Кто виноват? Первое, что приходит в голову: в нашей культуре, являющейся по определению христианской, виновата сама идея «первородного греха», идея познания собственного тела, после чего все и началось – то есть изгнание из рая с отягчающими обстоятельствами.
Но я бы с этим выводом не спешил. Разве не в «Ветхом завете» мы читаем чувственно-телесную «Песнь песней»? И разве не Христос, желая одарить людей любовью, говорил: «Ешьте и пейте, вот моя кровь и мое тело». Значит, пишет Ненацкий, Христос осознавал, что лишь через тело можно вступать в полноценный контакт с человеческой душой.
В этом – высокий пафос его книги, ее значение для нас ныне живущих, и прежде – для тех, кто начинает свой путь, вступая во взрослую жизнь.

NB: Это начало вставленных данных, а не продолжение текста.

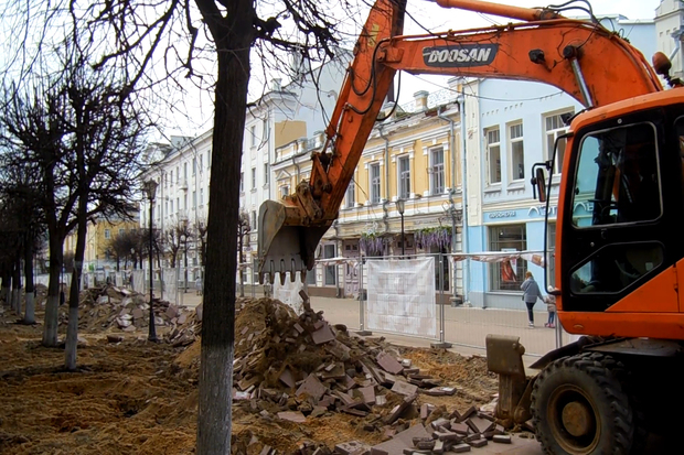 К подготовительным работам по благоустройству главной пешеходной улицы города подрядчик приступил в начале апреля, как только позволили погодные условия. Сейчас они вступают в активную фазу. Основной объём благоустройства включает в себя следующие виды работ: демонтаж существующих дорожных покрытий и укладку нового – из гранитной плитки и брусчатки с установкой бортовых камней, переустройство освещения, устройство наружной ливневой канализации и водоотводных лотков; прокладку наружных инженерных сетей; монтаж системы видеонаблюдения, а также ряд сопутствующих работ.

Игорь Куберский, член Союза писателей Санкт-Петербурга, заведующий кафедрой лингвистической соитологии Института соитологии, главный редактор Балтийской книжной компании
Выступление Леонида Захарова на презентации книги Збигнева Ненацкого «Соблазнитель» в Санкт-Петербургском Доме книги
В аннотации читателю обещан роман, в котором главный герой – своеобразный Дон Жуан, пытающийся научить любви несчастных женщин. В действительности же собственно главному герою Мартину Эвену отведено лишь не более одной трети от общего объема романа, из которого непосредственно описанию его «благотворительной деятельности» посвящено несколько коротеньких новелл, от силы пятая или шестая часть объема по самым щедрым подсчетам. Зато автор подробно делится своими неосуществленными замыслами создания сценария шестисерийного фильма об Эвене. И всё же считать читателя обманутым вроде бы нет оснований.

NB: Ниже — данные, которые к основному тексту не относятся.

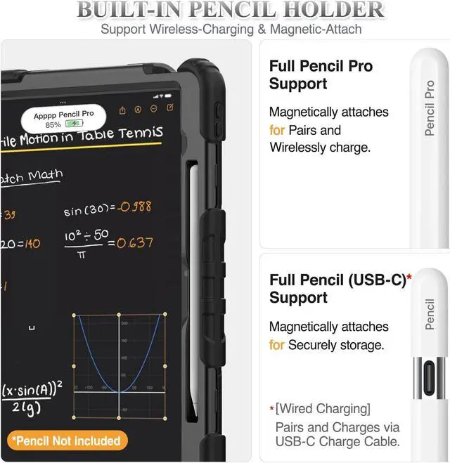 Versatility Stand & Pencil Holder: With 360deg rotating adjustable kickstand stable at multi-angles, case for iPad Air 13 inch M3 M2 for viewing, typing or movie watching; With pencil holder easy storage for note-taking, case for iPad 13 Air case suited for classes/meetings, works or play with-kid

А с рецензией… откликнусь, как аукнулось. Если бы какой-нибудь журнал заказал мне статью, хотя бы даже и хвалебную. Ах, с каким удовольствием я предался бы восторгам по поводу всеохватности романа, в котором автор ухитрился затронуть, тьфу – какое там затронуть – глубоко пропахать вопросы теории литературы, а также педагогики, медицины, особенно психиатрии, сексологии, и, кроме того, – этики, морали и нравственности, социологии и прочая и прочая. Как искренне я порадовался бы за читателя, которому досталась не очередная развлекаловка с клубничкой, но чудесный сплав глубокого научного исследования, эссе, трактата, учебного пособия, короткой новеллы, романа (а возможно даже и мемуаров), выполненный незаурядным мастером-беллетристом. Вот и определение жанра: роман-эссе. С обстоятельностью гурмана я посмаковал бы причудливую, но тонко организованную архитектонику произведения. Как велико было бы искушение преклониться перед эрудицией автора, его интеллектом и небанальным образом мыслей – а многие из его посылок и философских обобщений настолько интересны, что могли бы послужить темами для диссертаций. Роман-программа? Роман-провокация? Но все же я оставил бы разбор содержательной части другим рецензентам, поскольку уверен: вряд ли кто-нибудь упустит такую возможность – уж больно лакомый кусок!